Types of portfolio strategies
- Strategic asset allocation portfolio: It invests in a diversified portfolio of multiple assets, buy-and-hold without frequently changing the asset allocation weights.
- Suitable: For long-term (more than 15 years, preferably more than 20 years), want to be tax efficient and can withstand interim drawdown or loss as high as 50% or more.
- Pros:
- Less error-prone
- Infrequent rebalancing or transactions
- Tax efficient for taxable brokerage investments
- Cons:
- Interim loss or drawdown can be substantial
- Possible low returns for an extended period, such as 10 years or longer
- Tactical asset allocation portfolio: it invests in a diversified portfolio of multiple assets, dynamically adjust stock and bond allocations to minimize losses during market stress.

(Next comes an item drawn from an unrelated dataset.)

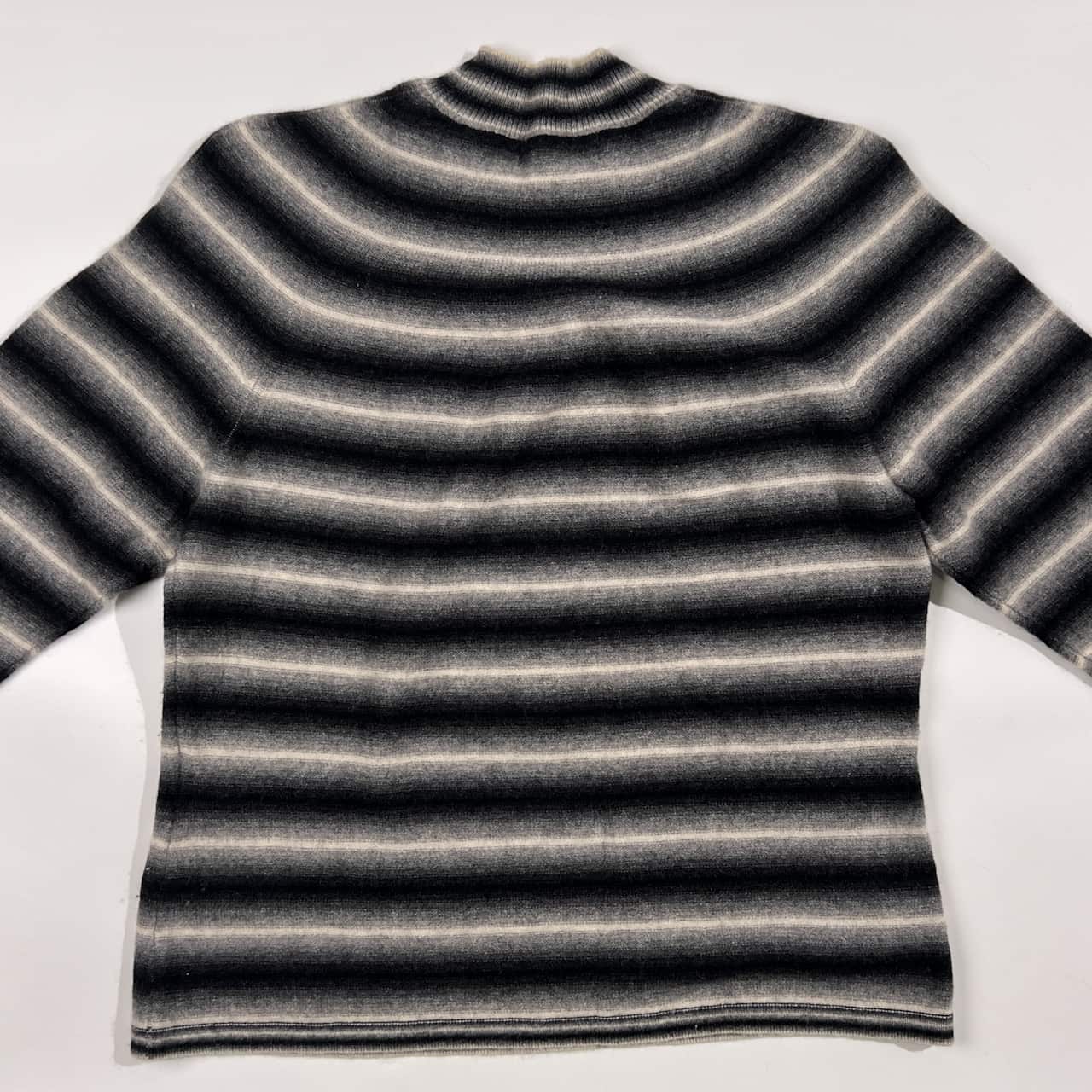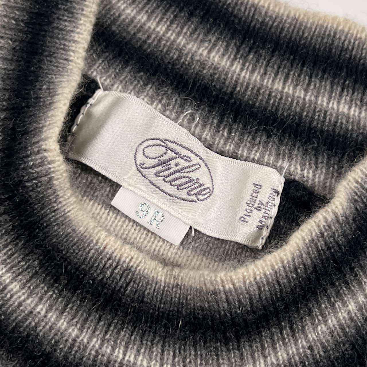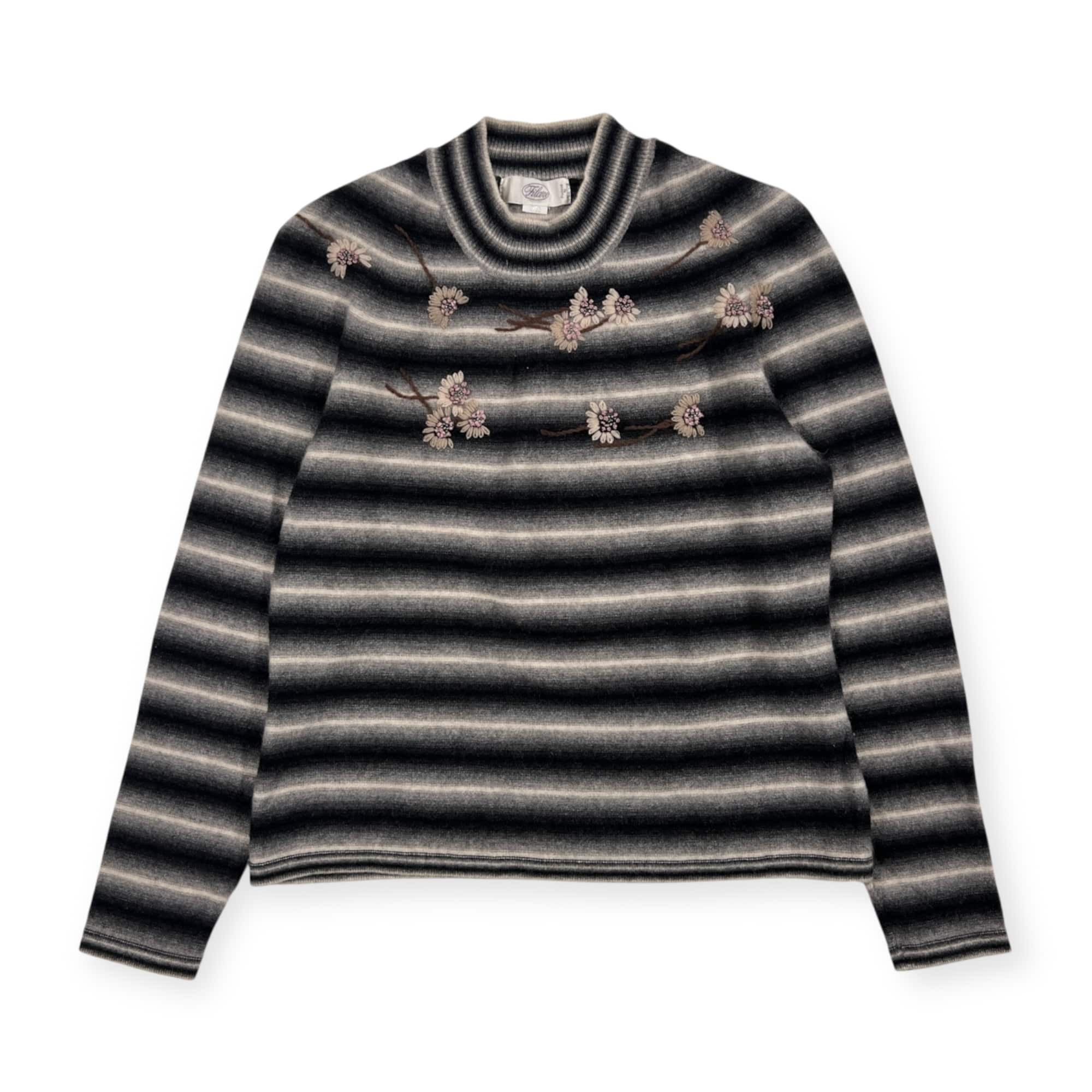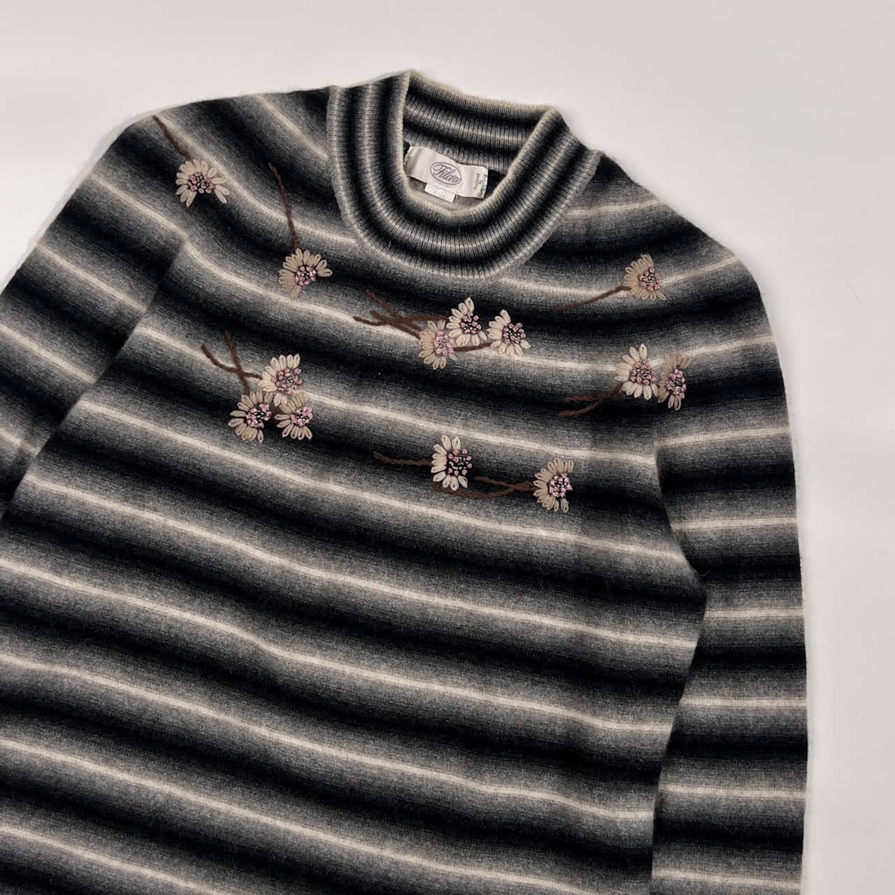 カシミヤ100% Filare フィラーレ ボーダー 花柄刺繍 ニット セーター 9R/グレー系 レディース

- Suitable: For long-term (more than 10 years or preferably longer) capital. Investors are willing to rebalance as frequent as monthly.
- Pros:
- Reduce large interim loss or drawdown
- Less sensitive to investment entry point
- Likely to improve returns
- Cons
- Demand more frequent rebalancing or transactions
- Less tax efficient — more suitable in a tax-deferred account such as 401(k) or IRA
- Can experience a period of lower returns compared to a broad-based strategic allocation or a buy-and-hold benchmark, especially in some bull markets
These portfolios are proactively monitored and rebalanced on a monthly basis when needed, ensuring it remains in line with its target allocation.